This thread is to discuss how we could enable a debug flag to preserve identifier names when generating IR. I do not believe that existing debug passes allow us to keep the names of identifiers.
Right now, the original names of identifiers is lost, and when printing IR, anonymous names are used. This is intended behaviour, and a sensible default, See LangRef.md - “Identifier names for values may be used in an MLIR text file but are not persisted as part of the IR - the printer will give them anonymous names like %42.”
Therefore, something like:
func.func @add_one(%my_input: f64) -> f64 {
%my_constant = arith.constant 1.00000e+00 : f64
%my_output = arith.addf %my_input, %my_constant : f64
return %my_output : f64
}
becomes
func.func @add_one(%arg0: f64) -> f64 {
%cst = arith.constant 1.000000e+00 : f64
%0 = arith.addf %arg0, %cst : f64
return %0 : f64
}
However there are situations where it could be useful to preserve names:
- debugging and development, where a developer has given meaningful variable names to their identifiers and wants to understand what has happened to them
- Code formatting. See this thread, where I am developing a code formatter for MLIR files. One of the requirements here is that the formatter does not change the names
We could add an option such as --debug-retain-identifier-names
, to allow this behavior.
What would be an elegant way to design this? What challenges are there? Are there any existing components that we can leverage to achieve this goal?
In my initial investigation, the original name is still available during parsing, but is lost when the Value
is initialised.
The generic names are generated at print time, e.g., in AliasInitializer::generateAlias
in IR/AsmPrinter.cpp
, or a more concerete implementation SSANameState::numberValuesInBlock
where we generate the %argX
names for block arguments.
I can imagine a relatively generic check in these printers, something like if keepNames == true
and nameIsAvailable(value) == true
then print the original identifier name.
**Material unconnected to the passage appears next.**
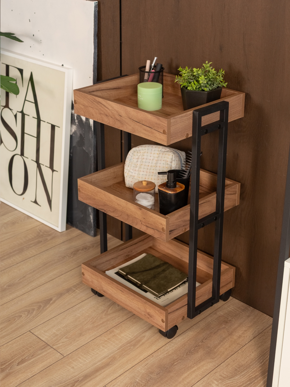 Тележка косметологическая на колесиках Ангара черный/амаретто

If not, following the existing execution path, otherwise print the custom/original name.
In terms of how to store the original names, there are two main approaches I can imagine. First, is extending the Value
class with the field and access methods.
Second, is having some external mapping, say llvm::DenseMap<Value, llvm::StringRef> valueToAlias
.
The first approach has the downside of increasing bloat to all Value objects, but in the second approach there is the question of where the mapping should be stored so that it is easily accessible. MLIRContext is the most global object I’m aware of that could fit this requirement.
Another question is how to handle the anonymous naming of newly introduced values. E.g., if we add a pass which transforms the code, we may create some new values. If a SSA would otherwise be %2
, but the previous SSAs have been given names, should this be %0
(the first anonymous SSA) or %2
(the third SSA)? We need to ensure that our generated names do not clash with named that the user has defined (since the user could specify names which could also be generated by our alias generators).
Any thoughts or comments?